La primera escena es patética desde el inicio.  La cámara sigue a Javier Milei tras las bambalinas del escenario de la Conferencia Política de Acción Conservadora (CPAC), en el Centro de Convenciones de Maryland. Lo enfoca, de espaldas, al entrar en el camerino con los brazos abiertos, y un grito ronco y sofocado sale de su garganta cuando se apresura en llegar hasta donde se halla Elon Musk, certificado en los Guinness Récords como el hombre más rico del mundo. “¡Mi amigo”! exclama Milei con la misma voz ronca, sofocado por la admiración; “te he traido un regalo”, le dice, y la cámara va a hacia una caja donde reposa una flamante motosierra que Musk saca y sopesa. Para devolver el saludo a Milei se había puesto anteojos oscuros, y para alzar la motosierra se los ha quitado.

El aparato es obra del artista argentino “Tute” di Tella, quien se identifica como “fabricante de motosierras y prototipos, inventor de arte personalizado único en el mundo, mecánico, bajista, cantante y compositor”. No pone su firma en cualquier clase de motosierra. Es la segunda que sale de sus manos; la primera fue diseñada para el propio Milei. Esta, según él mismo explica, tiene una piedra semipreciosa esférica de color rojo, símbolo de Marte, que activa el freno de cadena; en la manigueta lleva grabado el nombre del obsequiado, y en la hoja el lema Viva la libertad carajo.

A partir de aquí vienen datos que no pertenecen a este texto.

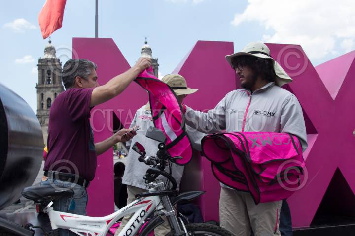 CIUDAD DE MÉXICO, 19ABRIL2017.- Con motivo del Día Mundial de la bicicleta integrantes de la secretaria de Medio Ambiente de la Ciudad de México repartieron chalecos reflejantes y placas del mismo material para la seguridad de los ciclistas capitalinos. FOTO: GALO CAÑAS /CUARTOSCURO.COM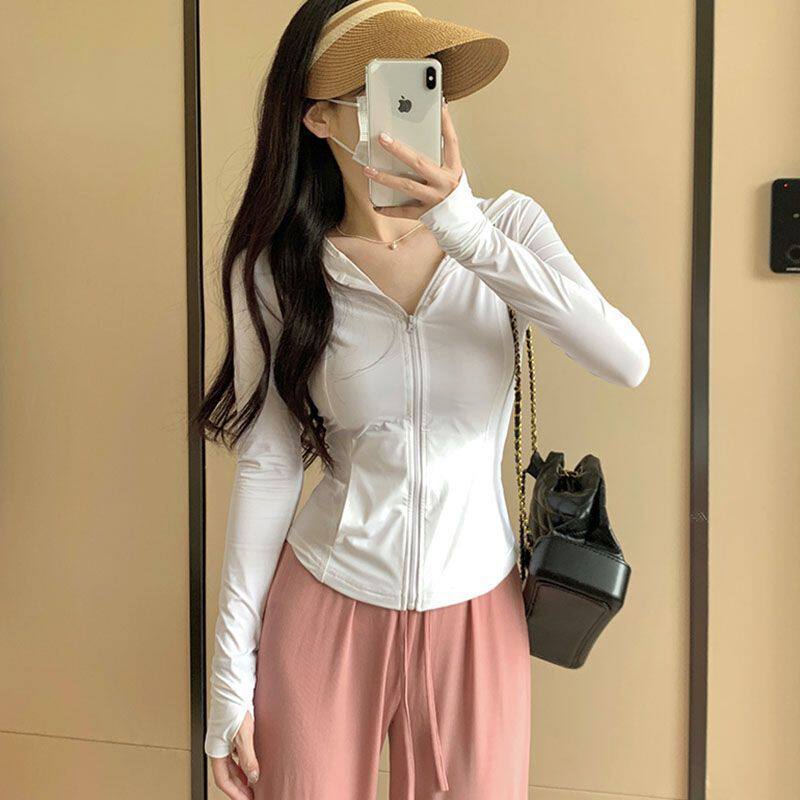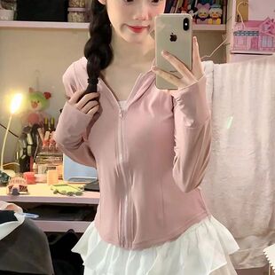型外穿潮UPF50 夏季 透气轻薄粉色冰丝防晒衣女遮阳运动防晒服修身

Falta, sin embargo, entre los emblemas grabados en la herramienta, el de $Libra, la criptomoneda que unos días antes de subir al avión para asistir a la conferencia, Milei promovió con entusiasmo, para luego zafarle el hombro, dando lugar a un fraude de gran escala al desplomarse su cotización.  “Si vas al casino perdés plata, ¿cuál es el reclamo?”, fue su sabia respuesta al ser cuestionado sobre su papel en la estafa. Además, le había hecho propaganda a $Libra no como presidente, sino como particular. Valga la diferencia.

La segunda escena es no menos patética, un remake de lo que hemos visto tras bambalinas. Tiene lugar en el propio escenario de la conferencia. El mismo donde ha aparecido Steve Bannon, el gran gurú del movimiento MAGA, haciendo el saludo nazi, igual que el propio Musk el día mismo de la toma de posesión de Trump. No han podido contener el impulso de su propio brazo, como el doctor Strangelove de Stanley Kubrick.

Musk figura en primer plano, y esta vez ya no se quitará los lentes oscuros. El animador le pregunta: ¿Quién más está aquí? “Javier Milei de Argentina, que me ha traido un regalo”, responde. “Argentina, ¿saben qué es eso, verdad?”, pregunta el animador al público. Momento en que el presidente de la República Argentina avanza desde el fondo hacia el proscenio cargando la motosierra a paso de baile, tratando de acoplarse a la fanfarria que suena atronadora por los parlantes.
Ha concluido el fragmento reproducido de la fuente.